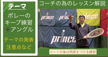 テニスコーチのお仕事 キノシタさん送別レッスン解説4週目 テーマ・ボレーの反復とワイドなボレーコート後ろで球出し 表はボレストコーチボレストサー…
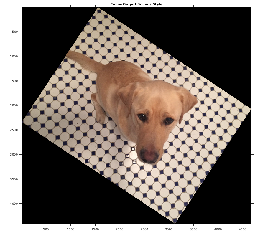 imwarp определяет значение пикселей в выходном изображении путем отображения местоположений в выходном изображении к соответствующим местоположениям во входном изображении (обратное отображение). imwarp интерполирует во входном изображении, чтобы вычислить значение выходного пикселя.
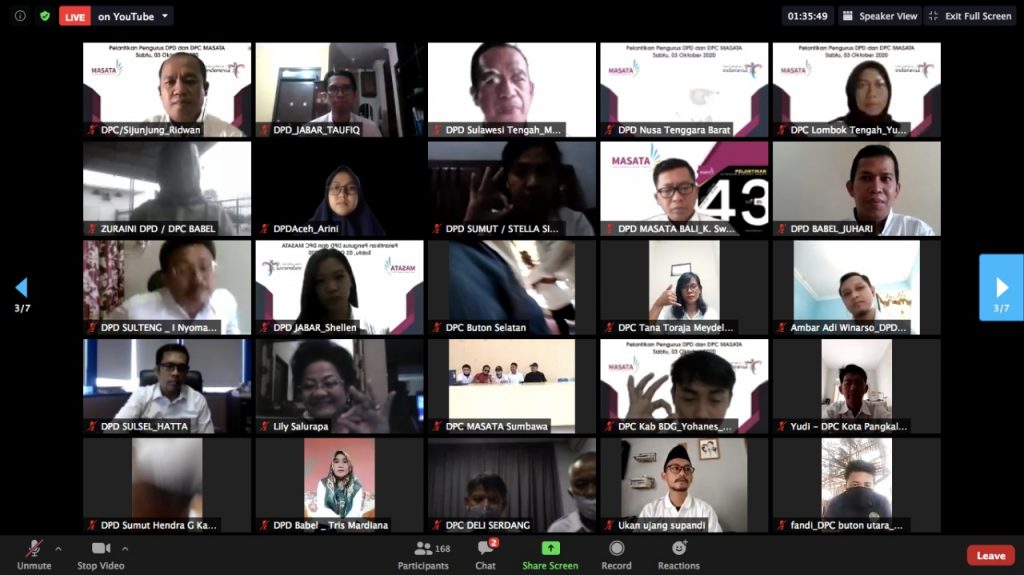 Jakarta, Lintasbali.com – Sebagai upaya pemberdayaan masyarakat dan potensi pariwisata di daerah terutama di masa pandemi COVID-19 ini, Pengurus Pusat Masyarakat Sadar Wisata (MASATA) meresmikan sekaligus melantik pengurus DPD dan DPC di seluruh Indonesia, Sabtu (4/10) secara online dan serentak.
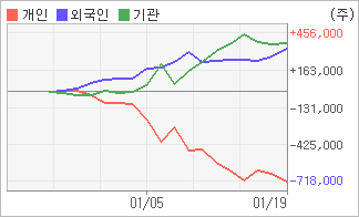 | 외국인/기관 순매수, 개인은 순매도(한달누적) 1월18일부터 전일까지 외국인이 2거래일 연속 순매수를 보였다. 4주간을 기준으로 보면 외국인이 초반에 동종목을 순매수한 이후에 기세를 이어가며 340,236주를 순매수했고, 기관도 방향성있는 매매를 하면서 377,282주를 순매수했다. 반면 개인들은 매도쪽으로 방향을 잡으면서 717,518주를 순매도한 것으로 나타났다. |
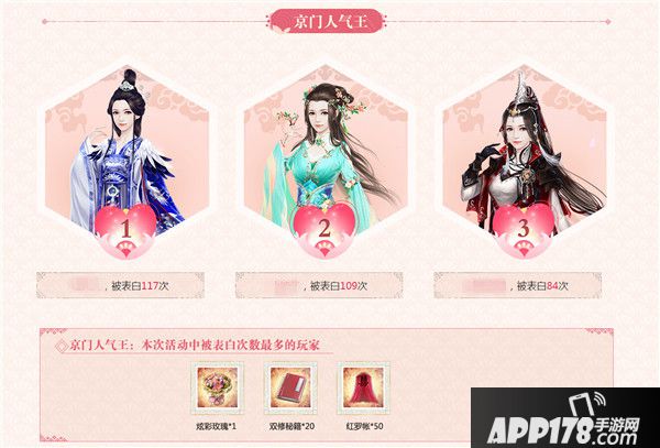 急于脱单的诸位主子在新版本专题网站上也玩得飞起,男神女神在京门中被告白上百次,被推上京门人气王的宝座,轰动京门堪称传奇。不能看着别人桃花朵朵开,快来把自己也打造成人见人爱的风云人物。活动页面上最受欢迎的双修秘籍被万人争抢,不想双修的伴侣不是好夫妻。
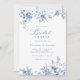Elegante Vintage Blütendusche der Marine Blue Bridal Einladung
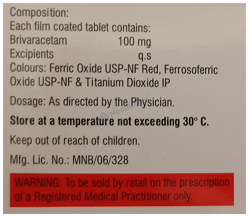 Brivgard 100 Tablet is an anti-epileptic medication used to treat seizures in epilepsy. It can be used on its own or in combination with other medicines to prevent seizures as long as it is taken regularly. This medication works by suppressing abnormal electrical activity in the brain. It is recommended to take Brivgard 100 Tablet at the same time each day to maximize its benefits. The dosage and frequency of usage will be determined by the doctor to ensure proper seizure control, which may be adjusted gradually over time.
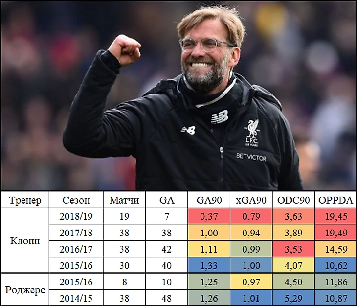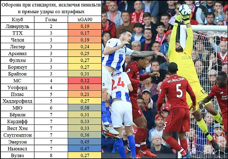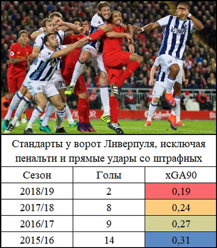В первом сезоне Клоппа «Ливерпуль» пропустил 14 мячей после навесов со штрафных и угловых. Дальше количество пропущенных голов и допущенных хG только падало. На данный момент «красные» пропустили со стандартов всего 2 мяча, один из которых засчитан ошибочно (игрок «Бернли» находился в офсайде). Это лучший показатель в лиге:
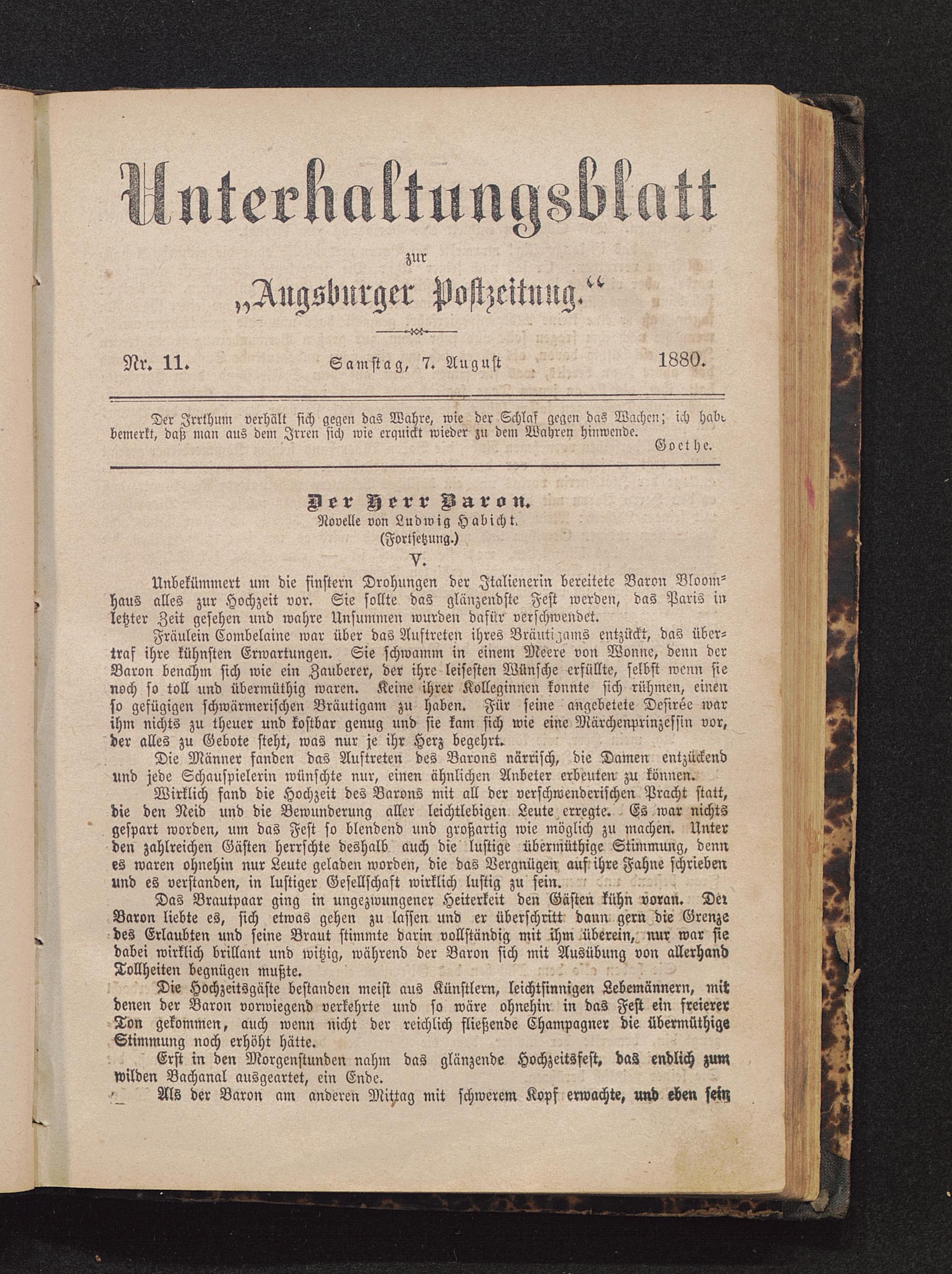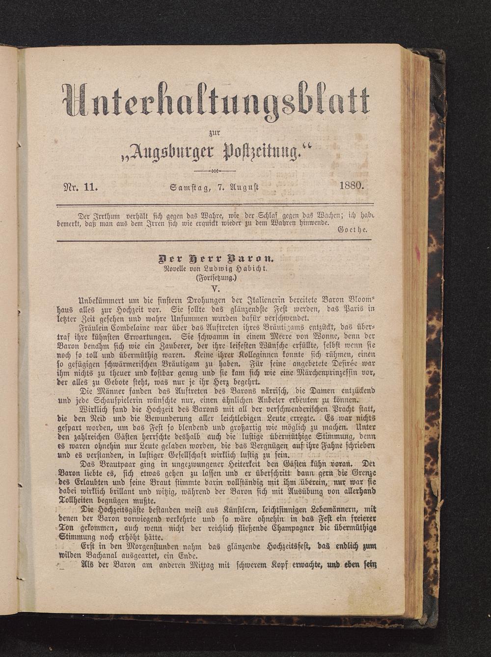 Die Hochzeitsgäste bestanden meist aus Künstlem, leichtsinnigen Lebemännern, mitdenen der Baron vorwiegend verkehrte und so wäre ohnehin in das Fest ein freiererTon gekommen, auch wenn nicht der reichlich fließende Champagner die übermüthig«Stimmung noch erhöht hätte.
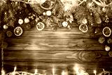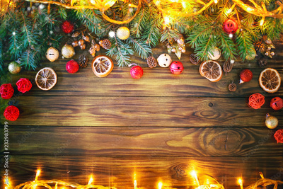 Merry Christmas and happy New year. Spruce branches and Christmas toys on a wooden background. Background with copy space. Top view. Christmas background.
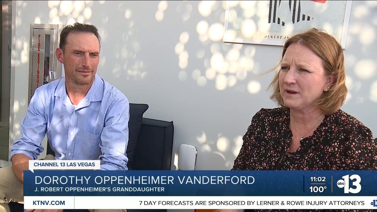 LAS VEGAS (KTNV) — On Thursday, J. Robert Oppenheimer's grandchildren, Dorothy Oppenheimer Vanderford and Charles Oppenheimer, gathered for an exclusive event at the Beverly Theatre to discuss the recently released Oppenheimer movie.
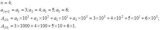 В общем случае для разложения по степеням основания числа, записанного в десятичной системе счисления выражение будет иметь следующий вид:
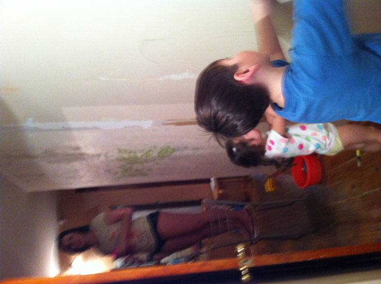 Вчера мерили обувь, на предмет носим или отдаем. Мария нашла кем-то отданные нам балетки и заявила что она Золушка. Эта сказка у нас в почете. Далее, скрылась в недрах углового шкафа и появилась в подъюбнике от платья, именно так по ее мнению и одевалась Золушка. Грустным голосом спросила - где мой жених? Все из того же шкафа была извлечена для меня кепи. После примерки и главный худрук одобрил меня на роль жениха для Золушки. Мы танцевали под мое ла-ла-ла. Мария кружилась и падала спиной назад типа танго. Я ловила как могла эти 19 кг. ставила на ноги, кружила ее, кружилась сама напевая при этом ла-ла-ла.
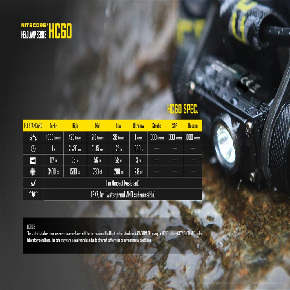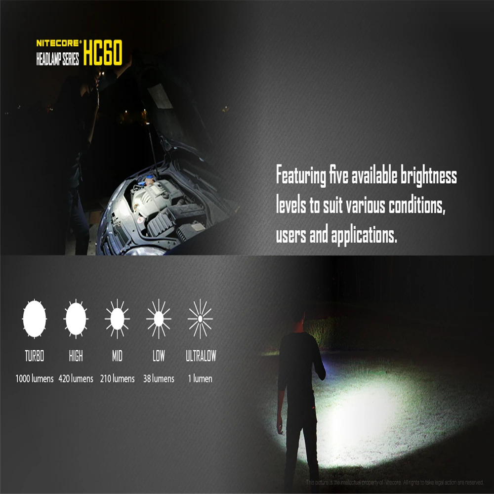 Promo Nitecore HC60 Scheinwerfer 1000 Lumen CREE XM-L2 U2 LED USB Aufladbare mit 3400mAh 18650 Batterie EDC taschenlampe
--------------------
Work task: Treating the line with "Elegante Vintage Blütendusche" as the last line to include, retype the records exactly from their first line, excluding pictures.

Problem solution:
 テニスコーチのお仕事 キノシタさん送別レッスン解説4週目 テーマ・ボレーの反復とワイドなボレーコート後ろで球出し 表はボレストコーチボレストサー…
 imwarp определяет значение пикселей в выходном изображении путем отображения местоположений в выходном изображении к соответствующим местоположениям во входном изображении (обратное отображение). imwarp интерполирует во входном изображении, чтобы вычислить значение выходного пикселя.
 Jakarta, Lintasbali.com – Sebagai upaya pemberdayaan masyarakat dan potensi pariwisata di daerah terutama di masa pandemi COVID-19 ini, Pengurus Pusat Masyarakat Sadar Wisata (MASATA) meresmikan sekaligus melantik pengurus DPD dan DPC di seluruh Indonesia, Sabtu (4/10) secara online dan serentak.
 | 외국인/기관 순매수, 개인은 순매도(한달누적) 1월18일부터 전일까지 외국인이 2거래일 연속 순매수를 보였다. 4주간을 기준으로 보면 외국인이 초반에 동종목을 순매수한 이후에 기세를 이어가며 340,236주를 순매수했고, 기관도 방향성있는 매매를 하면서 377,282주를 순매수했다. 반면 개인들은 매도쪽으로 방향을 잡으면서 717,518주를 순매도한 것으로 나타났다. |
 急于脱单的诸位主子在新版本专题网站上也玩得飞起,男神女神在京门中被告白上百次,被推上京门人气王的宝座,轰动京门堪称传奇。不能看着别人桃花朵朵开,快来把自己也打造成人见人爱的风云人物。活动页面上最受欢迎的双修秘籍被万人争抢,不想双修的伴侣不是好夫妻。
Elegante Vintage Blütendusche der Marine Blue Bridal Einladung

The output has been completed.